Stripe steuert Zahlungen und Rechnungen, Metronome verarbeitet komplexe nutzungsbasierte Abrechnungen, OpenRouter bestimmt, wohin der Modellaufruf zugewiesen wird. Wenn man zusätzlich das Agent-Handelsprotokoll hinzufügt, hat Stripe die Chance, die gesamte Kette einer KI-Transaktion abzudecken:
Der Benutzer stellt eine Anforderung, der Agent zerlegt die Aufgabe, OpenRouter wählt das Modell aus, das Modell schließt die Inferenz ab, Stripe erfasst den Token-Verbrauch, erstellt die Rechnung und schließt die Zahlung ab.
Das bedeutet, dass Stripe nicht mehr nur die letzte Geldtransaktion verarbeitet, sondern in den gesamten Prozess von der Entstehung über die Ausführung bis zur Abrechnung von KI-Aufgaben eingreift.
Das ist wahrscheinlich der Grund, warum es bereit ist, eine enorme Prämie für OpenRouter zu zahlen.
Je mehr Modelle es gibt und je unübersichtlicher die Preise sind, desto wertvoller wird die Routing-Plattform
In der frühen Phase der Entwicklung großer Modelle war die Branche allgemein der Ansicht, dass letztendlich ein oder zwei Supermodelle die meisten Aufgaben übernehmen werden.
Wenn diese Annahme zutreffen würde, wäre der Wert von OpenRouter sehr begrenzt.

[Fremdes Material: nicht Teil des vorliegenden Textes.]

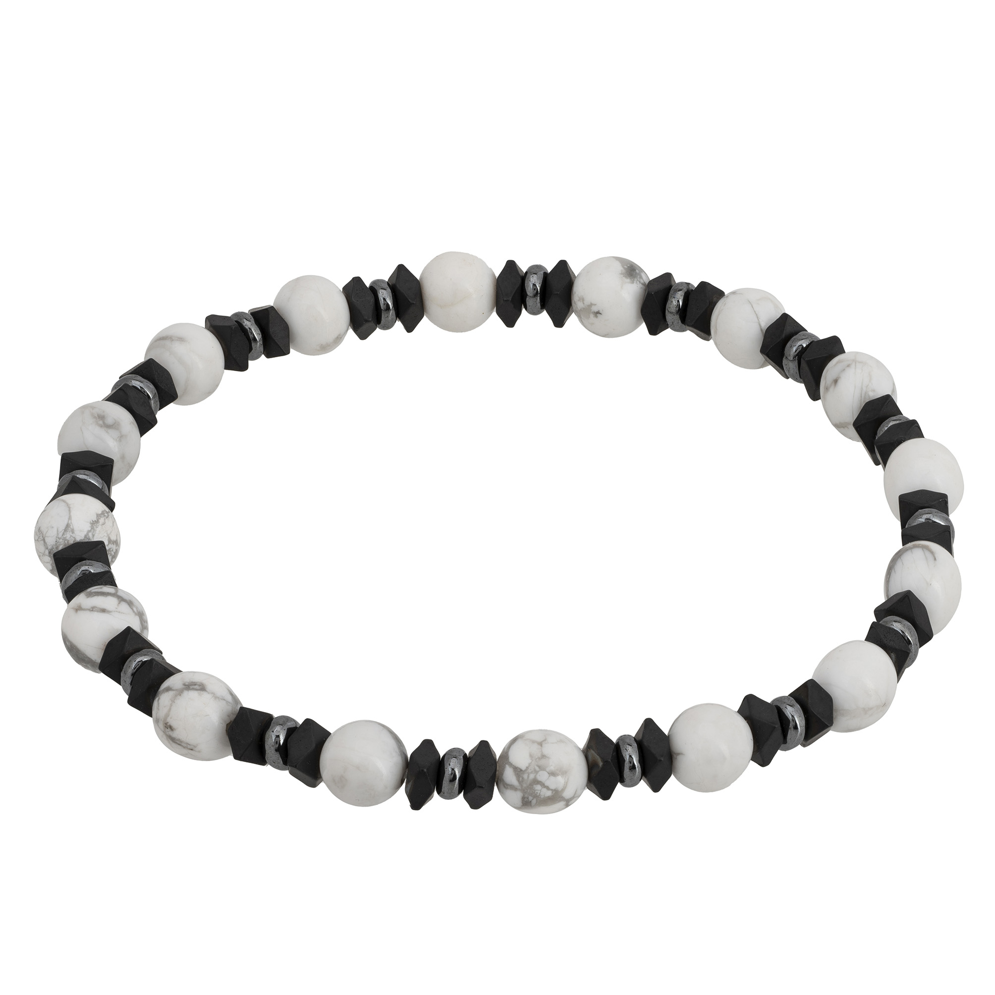 Bransoletka męska z kamieni howlitu to wyjątkowy dodatek, który łączy w sobie elegancję i trwałość. Wykonana z kamieni howlitu o średnicy 6 mm, bransoletka wyróżnia się naturalnym pięknem i wyjątkowym wzornictwem. Kamień howlitu, znany ze swojego spokojnego, białego koloru z delikatnymi szarymi żyłkami, dodaje bransoletce subtelnej elegancji i uniwersalności. Bransoletka jest dodatkowo ozdobiona przekładkami z hematytu, które dodają jej nowoczesnego akcentu i podkreślają jej wyjątkowy charakter. Hematyt, znany ze swojego metalicznego połysku, wspaniale komponuje się z białym howlitem, tworząc harmonijną całość.

Unternehmen können sich direkt in das stärkste Modell integrieren, ohne dass eine zusätzliche Zwischenschicht erforderlich ist.
Aber die Realität entwickelt sich in eine andere Richtung.
Verschiedene Modelle haben ihre jeweiligen Stärken bei Aufgaben wie Code, Video, Bild, Mathematik, Suche, Langtext, Ausführung auf Endgeräten und Tool-Aufruf; innerhalb desselben Modellanbieters werden auch Flagship-Versionen, Schnellversionen, Leichtversionen und Inferenzversionen angeboten. Chinesische Open-Source-Modelle dringen ständig in den globalen Markt ein, und verschiedene Branchenmodelle sowie lokal bereitgestellte Modelle nehmen ebenfalls schnell zu.
Gleichzeitig wird das Preissystem für große Modelle immer komplexer.
Neben Ein- und Ausgabe-Token müssen Unternehmen auch Treffer und Nicht-Treffer im Cache, Zusatzgebühren für langen Kontext, Mengenrabatte für Stapelverarbeitung, Spitzen- und Talabrechnung, Inferenzintensität, Kosten für Tool-Aufrufe und Preisunterschiede zwischen verschiedenen Cloud-Anbietern berücksichtigen.
In diesem Umfeld ist das Modellrouting nicht mehr nur eine Funktion zur Erleichterung von Entwicklern, sondern entwickelt sich allmählich zu einem Kostenkontrollsystem für KI-Anwendungen.
Ein Agent, der im Unternehmen intern ausgeführt wird, kann täglich Hunderttausende oder sogar Millionen von Aufrufen durchführen. Selbst wenn die durchschnittlichen Aufrufkosten nur um 10 % sinken, kann sich am Ende ein beträchtlicher Gewinnunterschied ergeben.
Als Stripe im Januar dieses Jahres die Zusammenarbeit mit OpenRouter erläuterte, wurde klar festgestellt: Die Inferenzkosten von KI-Unternehmen schwanken ständig mit den Preisänderungen verschiedener Modelle. Wenn Unternehmen die Preise nicht rechtzeitig anpassen, verlieren sie möglicherweise die Wettbewerbsfähigkeit bei sinkenden Kosten, und steigende Kosten können die Gewinne direkt schmälern.
Die damalige Zusammenarbeit sah vor, dass OpenRouter für die Zuweisung von Modellanforderungen verantwortlich ist, und Stripe automatisch die Nutzung verfolgt, die neuesten Preise anwendet und die Rechnungsverarbeitung abschließt.
Heute scheint diese Zusammenarbeit eher ein langfristiger Geschäftstest für beide Seiten gewesen zu sein. Stripe hat zuerst das Transaktionsvolumen, das Nutzerwachstum und die Abrechnungskomplexität von OpenRouter gesehen und sich dann entschieden, diesen Einstiegspunkt vollständig zu erwerben.
Ist der Kauf für 7 Milliarden US-Dollar teuer?
Aus Sicht traditioneller Finanzkennzahlen ist der Preis von über 7 Milliarden US-Dollar nicht günstig.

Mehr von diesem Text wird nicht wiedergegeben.